*Data block:*
•••
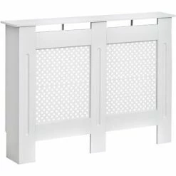 This HOMCOM radiator cover cabinet is a must for any home, cover your unsightly radiators and give your room a touch of elegance. Made with MDF board with a round shape grill, it is finished in white as a neutral colour to match any décor. The white painted cabinet has a front grill design to look great and still radiate the heat efficiently and still have enough access to any controls attached. It’s easy to assemble and will look great in any décor.
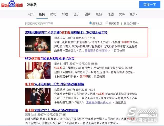 张丰毅代言汉地润滑油的新闻在多家媒体刊载,热度持续不断,雄踞新闻榜第一名,你get到了吗?
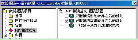 MPS維護權限只能由系統的adminsrtartor用戶來對其它進行業務操作的操作員進行授與﹐取消﹐且在三個維護類型中只能同時授也一項﹐或取消所有。如下圖3-10
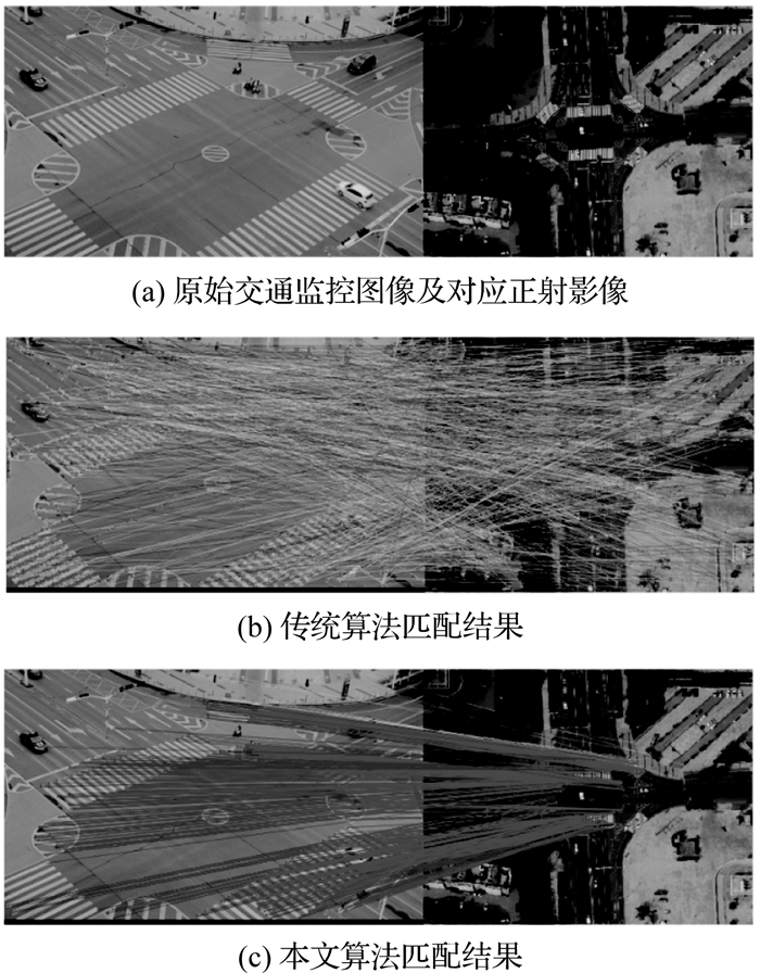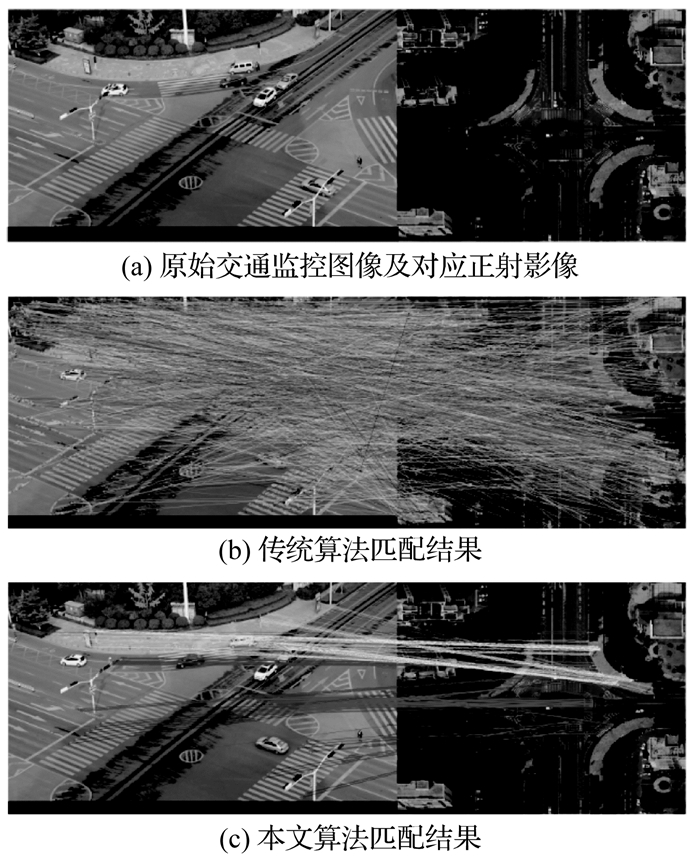 选取3个交通监控视频场景,分别用传统SIFT匹配算法以及本文提出的区域约束特征点匹配算法对该区域进行特征提取试验,其中传统特征点匹配算法使用BF(bruteforce)暴力匹配及KNN(k-nearest neighbor)匹配点对筛选算法,试验结果如图 5-图 7所示。从图 5(b)、图 6(b)、图 7(b)中可以看出,传统SIFT算法仅使用特征向量欧氏距离的相似度进行匹配,不可避免地会产生一些错误匹配,同时还有部分特征点散落在图像边缘,直接降低了特征点匹配的准确性;图 5(c)、图 6(c)、图 7(c)是本文提出区域约束特征点匹配算法试验结果,由于融合了图像高阶语义信息,提取的特征点集中分布在各个交通特征专题语义空间内,从而剔除了图像中大量的误匹配,优化了特征匹配点数量。
•••
*Your goal:* Transcribe the listing exactly; omit all images.

*Solution to this exercise:*
 This HOMCOM radiator cover cabinet is a must for any home, cover your unsightly radiators and give your room a touch of elegance. Made with MDF board with a round shape grill, it is finished in white as a neutral colour to match any décor. The white painted cabinet has a front grill design to look great and still radiate the heat efficiently and still have enough access to any controls attached. It’s easy to assemble and will look great in any décor.
 张丰毅代言汉地润滑油的新闻在多家媒体刊载,热度持续不断,雄踞新闻榜第一名,你get到了吗?
 MPS維護權限只能由系統的adminsrtartor用戶來對其它進行業務操作的操作員進行授與﹐取消﹐且在三個維護類型中只能同時授也一項﹐或取消所有。如下圖3-10
 选取3个交通监控视频场景,分别用传统SIFT匹配算法以及本文提出的区域约束特征点匹配算法对该区域进行特征提取试验,其中传统特征点匹配算法使用BF(bruteforce)暴力匹配及KNN(k-nearest neighbor)匹配点对筛选算法,试验结果如图 5-图 7所示。从图 5(b)、图 6(b)、图 7(b)中可以看出,传统SIFT算法仅使用特征向量欧氏距离的相似度进行匹配,不可避免地会产生一些错误匹配,同时还有部分特征点散落在图像边缘,直接降低了特征点匹配的准确性;图 5(c)、图 6(c)、图 7(c)是本文提出区域约束特征点匹配算法试验结果,由于融合了图像高阶语义信息,提取的特征点集中分布在各个交通特征专题语义空间内,从而剔除了图像中大量的误匹配,优化了特征匹配点数量。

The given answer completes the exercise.